This week Brian Stormont heads to Italy bringing you a tasty pepperoni pizza with a fresh rocket salad and a balsamic dressing. Easy to make and also one you can involve the kids in as they have great fun topping the pizzas.
This week, why not create your very own taste of Italy by making this classic pepperoni pizza with a rocket salad?
To tuck into this classic, you’ll dollop your flame-baked pizza bases with garlic tomato sauce, add delicious fresh mozzarella and pepperoni, then bake until golden and sizzling. Have a pizza that!
You can then enjoy it with a fabulous rocket salad and sweet balsamic dressing. It’s an ideal summer treat to enjoy al fresco.
Our friends at Gousto tell us: “As the most Instagrammed dish, our pepperoni pizza needs no introduction!

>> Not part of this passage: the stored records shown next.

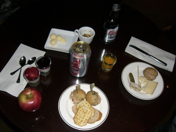 Yogurt is one of my favourite foods, so that combined with the crackers was just fine with me. Actually, I had about three of the little yogurt shots, which were in shot glasses. They were so good – I became quite sad when the staff personage came in and said she was taking the food away and would soon bring in the desserts. I begged her not to take the remaining shots away, and out of pity, she allowed them to remain. I’m sure she was quite happy to see that none of them went to waste!:
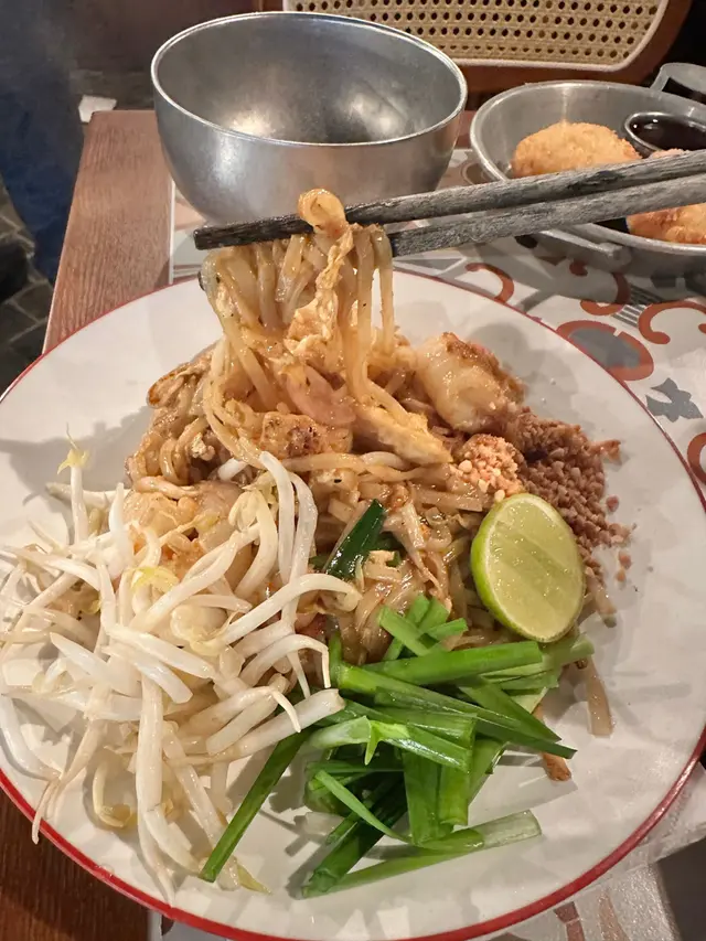 位於中環嘅泰排檔,係一間米芝蓮推介既排隊紅店,lunch大排長龍!主打地道泰國街頭美食,餐廳概念同埋泰國Thongsmith如出一轍,九成食材更加係由泰國直接入口,誠意十足😋😋🍤 炸粟米蝦餅 外皮香脆,蝦肉鮮甜!粟米粒增添口感層次,佢個醬係超級超級好食🤤🤤有少少似酸梅汁既醬,仲令到食落唔熱氣,超特色!🍜 泰式炒金邊粉(虎蝦) 份量好多,金邊粉炒得夠鑊氣,虎蝦爽口彈牙!超大隻!香料味濃郁,每一啖都充滿泰式風情😋😋🐔 雞肉泰式炒河 呢個河粉不得不提,超推介!超級滑溜,沾埋汁食好香口,入口好滿足!雞肉嫩滑,係一個好出色嘅鑊氣河粉!🥭 芒果糯米飯 😍😍芒果香甜多汁,糯米煙韌不黏牙,椰漿分開上,可以自己決定沾幾多,椰漿香濃!推介食!🍹 龍眼冰清甜消暑,青檸梳打酸爽醒胃…查看更多
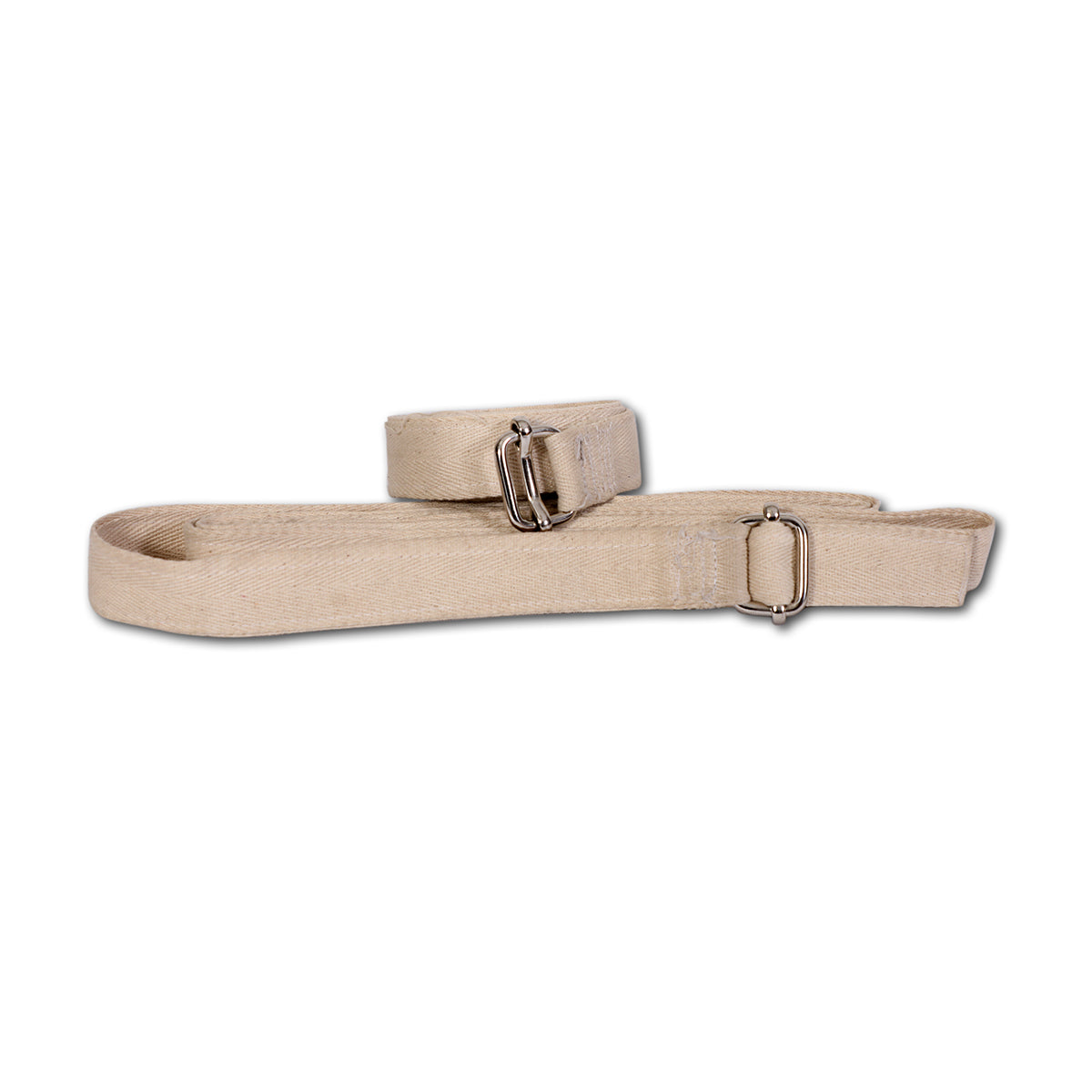 The Shoulder Belt is a versatile yoga accessory designed to aid in the alignment and locking of body parts. It helps practitioners hold postures for longer durations. The set includes two cotton straps, each with a steel buckle attached at one end, featuring a locking mechanism for secure adjustments.
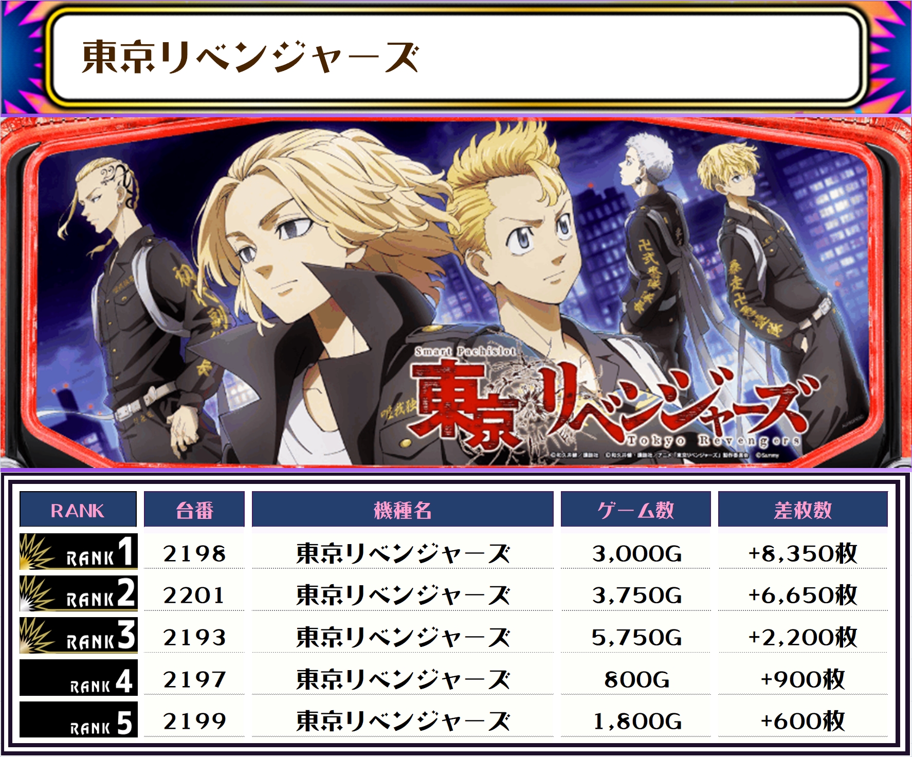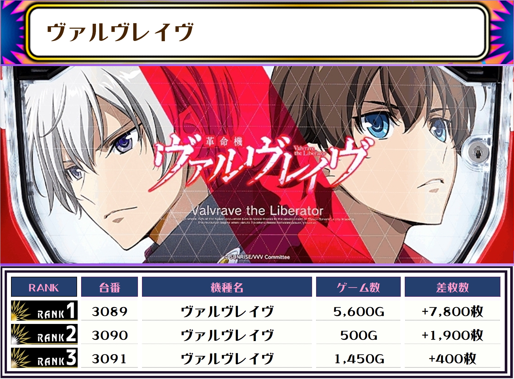 どうやら、ヴァルヴレイヴは3台全てがプラス差枚で全台系の気配がありますね✨ さらに東京リベンジャーズは半数以上が優秀台だったようです✅
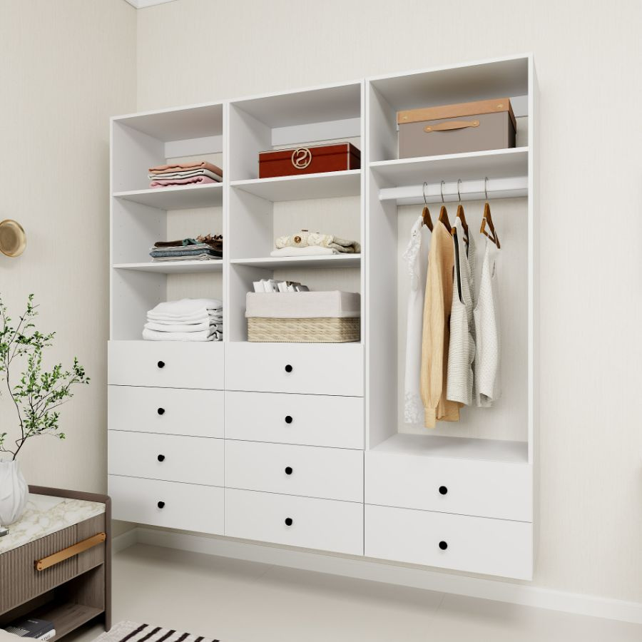 Simplify your storage needs with this versatile and stylish white modular wardrobe closet. It’s the perfect blend of function and fashion for your home.
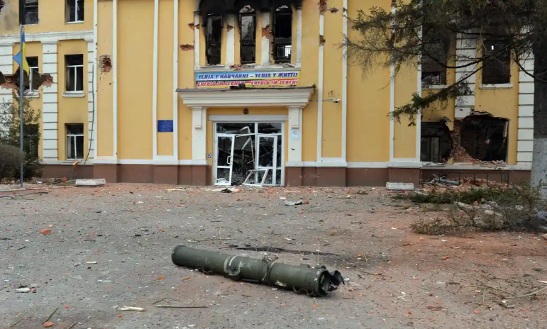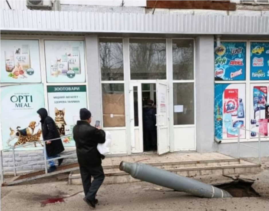 乌克兰哈尔科夫一家商店外的一枚残落的俄罗斯火箭弹。来源:每日邮报
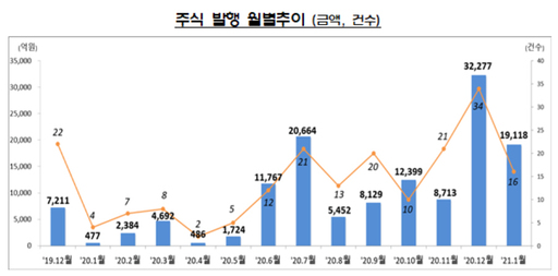 금감원 관계자는 "주식은 계절적 요인과 전월 대규모 유상증자 집중에 따른 기저효과 등으로 발행이 줄었다"고 설명했다.
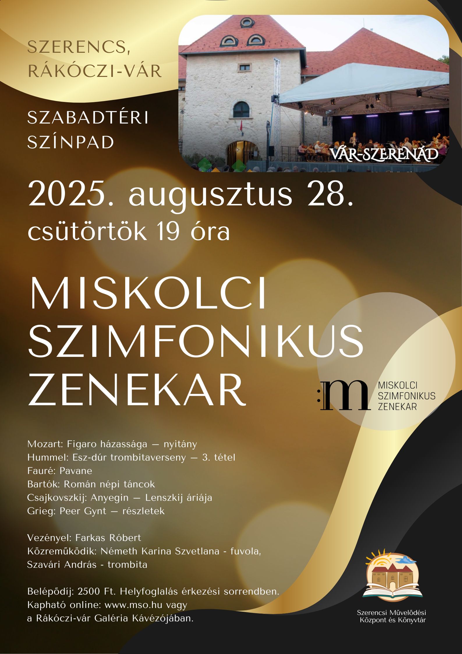 Miskolci Szimfonikus zenekar ad hangversenyt 2025. augusztus 28-án, csütörtökön este 19 órától a szerencsi Rákóczi-vár szabadtéri színpadán.
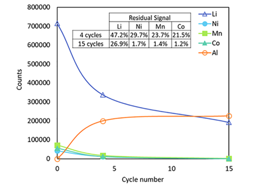 Li、Al、Ni,、Mn和Co 的絕對信號計(jì)數(shù)來自 TOFSIMS。殘余信號百分比(相對于 UC)。這些值清楚地表明 ALD 優(yōu)先沉積氧化鋁在過渡金屬表面的位置。而即便 15 個(gè) cycle 以后,Li 的信號仍然很明顯。
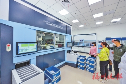 数字一体化玻璃手术室。 3月18日,福建医科大学孟超肝胆医院金山院区就要正式开诊了。金山院区不仅是花园式的医院,更是新一代的智慧医院。近日,记者来到位于仓山区金塘路66号的金山新院,提前探知新院区有哪些便民高科技。 智慧手术室 全省首个玻璃手术室 和西洪路院区5间手术室相比,金山院区手术室更大更多,总面积约5570平方米,共16间手术室,其中5间百级手术室、11间万级手术室,更高科技。 手术室护士长梁秀惠介绍,手术室中有2间防辐射手术室、1间负压手术室、4间数字一体化手术室。其中,一间手术室为全省唯一的数字一体化玻璃手术室。 走进这间手术室,你能一眼发现墙面与众不同,全是玻璃的。 护士长说,传统手术室采用钢板墙面,容易老化,而玻璃手术室采用高强度特殊玻璃预制墙板,表面更易于清洁,更耐侵蚀,更能满足现代化洁净手术室要求,让细菌无所遁形。而根据玻璃具有透明性的特点,可在手术室四周墙面顶端设置七色LED灯带,通过调节灯光颜色,对病人手术部位血管起到显影作用,让医生更容易分辨。此外,加上数字一体化技术,这间手术室更先进。 记者看到,手术室门口有一面显示屏,医生护士可以在这里操作,完成手术的转播示教、查看CT、写护理文书、设置无影灯等。同时,显示屏还能实现视频对话,这样,医生要和病人家属交谈就不必走出手术室了。 智慧药房 让机器人发药补药管药 新院区药房也充满智慧。记者看到,这里全面打造特色智慧药房,引进不少机器人员工。 比如,门诊药房配备了全自动快速发药系统、智能存取药架、双工位机器人补药系统、智能药篮、智能拆零分包机、智能调剂柜、智能麻精药品管理柜;住院药房配备了智能拆零分包机、智能调剂柜、智能麻精药品管理柜;急诊药房配备了智能调剂柜;药学部静脉药物配置中心配备了半自动配药机器人、全自动配药机器人等。 “通过信息化手段,可以实现对药品的有效期进行系统管理,对高危药品,可通过机器配发,提升用药准确率,从而保障用药安全。”药学部主任俞晓玲介绍,智慧药房还引入合理用药信息支持系统,包括前置处方审核系统、处方点评系统、临床药学管理系统、药学咨询交互系统等强大的信息支持功能,做到事前审核、事中监督、事后评估的闭环管理,大大提升了合理用药水平。 此外,在各种机器人的加持下,发药的速度会比过去快上一倍。俞主任表示,患者缴费后,处方系统就会传输信息到自动配药机器,药品通过传送带顺着滑梯一路向下,准确投递到药师工作台,经过复核处方,药品就能交给患者,这样药房窗口不再是“人等药”,而是“药等人”。 智慧物流 让医用物品长出“飞毛腿” 在新院区宽敞的走廊行走时,抬头能看到天花板上有许多轨道,蓝色和红色小箱子沿轨道穿梭。 “我们引进了先进的医院智能化轨道小车物流系统。”设备科副科长赖能平介绍,系统由运行轨道、轨道小车、调度系统等组成,轨道小车载重量15千克、小车容积36升、箱体表面有银离子抗菌涂层,系统内可以同时传输多辆轨道小车。 而这些轨道小车的作用就是完成药品、静脉输液袋、血液样品和实验室样本、病历和文件等的传输,目的是更便捷。举个例子,病房里采集的血样,过去要人工送到检验科,而现在通过智能化轨道小车物流系统很快就能送过去,有效减轻医护人员工作负担,提升医院管理秩序。 据了解,为了避免交叉污染,系统实行洁污分流管理,配置洁车53辆、污车19辆、轨道清洁小车1辆。系统设置48个站点,分布于医院手术室、药房、静配中心、检验科、病理科、输血科、中心供应室、病房等之间传输物品。整个传输过程由系统进行智能控制,实现全天24小时运转,无人员参与。 值得一提的是,为做好紧急物品的传送,新院区还配备了“飞毛腿”——气动物流系统作为轨道小车的补充。该系统借助大楼里的密封管道,通过气压传送医用物品,速度比人工快十几倍以上,能更好降低运送过程中的污染风险,并为患者赢得时间。 智慧病房 病床能感知患者心跳呼吸 病人只要躺在病床上,生命体征监护系统就会通过智能床垫,自动感知人体的心跳、呼吸,以及是否长时间未翻身带来压疮风险,对患者夜间离床等作出风险提示,避免意外事件发生。 新院区正式投用后,这样的“黑科技”场景,将在智慧病房里成为现实。 “目前,智慧病房的各项设备正在紧张调试中。”信息科陈持科长介绍,新院区通过建设移动输液监控、患者生命体征采集、围术期患者追溯管理、环境监控、无线冷链管理、手卫生管理等物联网应用,打造全新智慧病房。 陈持举例,比如移动输液监控系统,当滴速异常时,系统会发出提示;当输液即将结束时,可提醒护士进行配药或准备换药,从而做到从容操作,避免忙中出错。 此外,体温监护系统可对患者提供24小时连续体温监护;手卫生管理系统通过无感知的方式记录医护人员手卫生行为,提高医护人员手卫生意识,降低院感几率;物联网环境传感器能够使病房的温度、湿度、空气质量等环境参数受到全程监控和追溯,从而避免了因温湿度变化、新风不够而影响舒适度。 “智慧病房投用后,将为患者提供更加安全、有效、便捷的住院体验,也提升了医护人员的从业幸福感。”陈持说。 此外,记者了解到,金山院区还建立了智能采血管理系统、省内首家智慧化

“You’ll sauce things up with a garlicky tomato base, before layering mozzarella and pepperoni on flame-baked pizza bases.”
Senior recipe developer Jordan Moore’s top tip to get this pizza just right is: “Squeeze as much water out of your mozzarella as possible, to ensure you don’t get a soggy pizza base.”
Pepperoni pizza and rocket salad
(Serves 2)
Ingredients
- 1 garlic clove
- 1 mozzarella ball (125g)
- 125g cherry tomatoes
- 50g rocket
- 1 tsp dried oregano
- 1 tbsp balsamic vinegar
- Flame-baked pizza bases
- 2 tbsp tomato paste
- 30g pepperoni, sliced
Method
- Preheat the oven to 200°C/ 180°C (fan)/ 390°F/ Gas 6. Put a large baking tray (or two) in the oven to heat up (this will stop the pizza bottoms from going soggy!).
- Peel and finely chop (or grate) the garlic. Add the tomato paste to a bowl with the chopped garlic and a generous pinch of salt, pepper and sugar. Add 5 tbsp of cold water and give everything a good mix up – this is your tomato sauce.
- Drain and pat the mozzarella dry with kitchen paper (squeeze as much liquid out as you can!). Tear the drained mozzarella into rough, bite-sized pieces.
- Remove the heated trays from the oven and add the pizza bases. Divide the tomato sauce between the pizza bases and spread it evenly all over them with the back of a spoon. Top the pizzas with the torn mozzarella and sliced pepperoni and sprinkle over the dried oregano
- Put the tray in the oven for 13-15 minutes or until the cheese has melted and the bases are crisp – these are your pepperoni pizzas.
- Meanwhile, combine the balsamic vinegar with 2 tbsp olive oil with a pinch of salt and pepper – this is your balsamic dressing.
- Chop the cherry tomatoes in half. Wash and drain the rocket and pat it dry with kitchen paper and combine the rocket and halved tomatoes in a bowl – this is your rocket salad.
- Serve the pepperoni pizzas with the rocket salad to the side, drizzle the rocket salad with the balsamic dressing. Enjoy!